部誌5 | ナノ

落日



夕暮れの中、手を繋いで歩いた。
握った手は少し湿り気を帯びていて、緊張でもしているのかなって、そう思ったりもした。
すでにもう、遠い昔になくなってしまった過去だ。


みょうじなまえが車いすの生活を始めて、もう5年になる。5年もこんな生活を続けていれば、慣れてくるのは当然のことと言えた。不便といえば不便だが、上半身に問題はないのでそう苦労は少ない方だろう。少し生活に工夫を凝らせば、そこらのひとと変わらない生活もできる。

「なまえ」

みょうじにとって当たり前の生活も、多数派の人間にとっては不便で不幸に見えるのだろう。大丈夫だと何度言い聞かせても、幼馴染はみょうじの家に通い詰める。暇さえあれば、入り浸るように。単純に入り浸ってもいるのかもしれないが、みょうじを気遣っているような気もした
みょうじが車いすの生活を始めるきっかけを作り出したのは、幼いみょうじ自身だ。みょうじはそう思っているし、それ以外に理由などないと思っている。けれど幼馴染は違うようで、自らが原因であると思い込んでいるようだった。
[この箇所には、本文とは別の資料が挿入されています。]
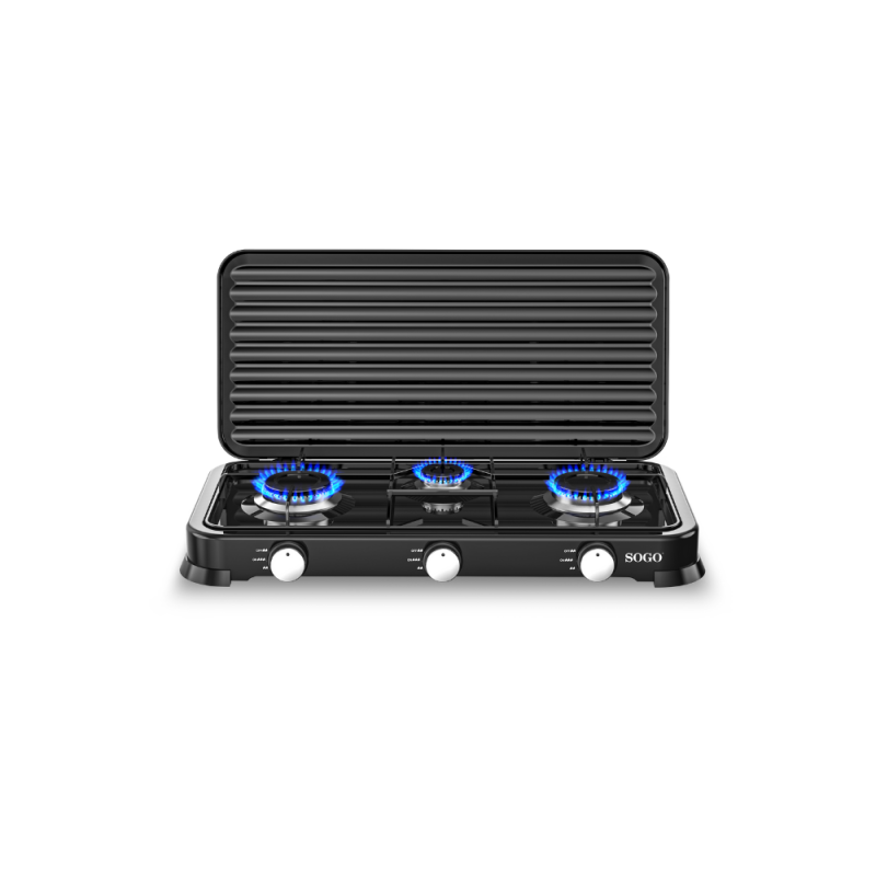Plinski štedilnik s tremi gorilniki, zasnovan za uporabo na prostem. Ima gumb za vklop/izklop in nadzor plamena, ki olajša prižiganje gorilnikov in vam omogoča prilagajanje jakosti plamena glede na vaše kuharske potrebe. Lahko ga uporabljate z butanom pri 28-30 mbar ali propanom pri 37 mbar.

5年前の、あの日。幼馴染に遊びに誘われた先で、みょうじは近界民に襲われた。そのときに負った怪我が原因で今も歩けないままだ。リハビリを続けてはいるものの、なかなかままならないのが現実だった。それでも諦めるつもりは毛頭ない。現状を嘆き続けることもなかった。前も向いて歩き続けていくしかないのだと、知っているから。
どちらかというと現実を見ていないのは幼馴染の方であると、みょうじは思っている。幼馴染にとって、みょうじはいつまでたっても「可哀想ななまえくん」のままなのだ。その認識に苛立ちを感じ、何度か諭したり怒ったりしたものの、あまりのなしの礫っぷりに、みょうじはすでに諦めていた。幼馴染は、頑固なのだ。

「夕飯、何にする?」

作れもしない癖にエプロンをつけて、包丁を握る幼馴染――太刀川慶の姿に、みょうじは溜息を漏らすことで返答とした。

「慶。その包丁をまず置いてくれ」

今まで向かっていた机から方向転換させるために、みょうじはまず机から車いすを遠ざけ、くるりと回転した。大きな車いすで家の中を動き回るので、部屋の中には障害物になりそうなものは一つもない。あるとしたらだらしなく床に放置された太刀川のコートくらいだろうか。まったくもう、とコートを拾い上げながら、ゆっくりとキッチンへ向かう。車いすのみょうじのために低く設定されたキッチンは使いづらいに違いない。何より生活面において他の追随を許さないほどの不器用ぶりを誇る太刀川に、包丁を握らせる勇気はついぞなかった。
なんだかんだで毎回みょうじが料理することになるのだが、太刀川が包丁を持つことを諦めることは今までない。いい加減に諦めて欲しいと、切実に願っている。

「仕事中だろ? 俺がやるよ」

「いいから。頼むから、包丁を置け」

こてりと首を傾げる姿に、ますます危機感が募る。濁ったような瞳は、このままではまずいという気にさせた。

「適当にチャーハンでも作るよ。それでいいか?」

「いいけど、お前、仕事は」

「休憩。ちょうどいい息抜きになる」

笑って言えば、納得のいっていないような顔で太刀川が頷く。そのことに少しほっとしながら、みょうじは腕をまくってキッチンに入り、冷蔵庫へと向かった。野菜室から適当に野菜を取り出し、冷凍庫から豚ミンチと冷凍ご飯を取り出す。

「慶。玉子欲しかったら自分で取って」

「ん」

みょうじの家の冷蔵庫は、ほかの家具・家電に比べれば背が高い。冷蔵室など、開くことはできても、奥のものや上のものを織り出すことはできない。野菜室でさえ危うい始末だ。
車いすであることを考えて、一人用の背の低い冷蔵庫を買うことをみょうじは考えていた。それを押しのけて、家族用の大きな冷蔵庫を買い与えたのは、太刀川だった。その大きさではみょうじにとって大きすぎ、また不便でしかないことを訴えても、太刀川は笑うばかりで。必要ならば俺がとるからいいだろうと、そう押し切ってしまった。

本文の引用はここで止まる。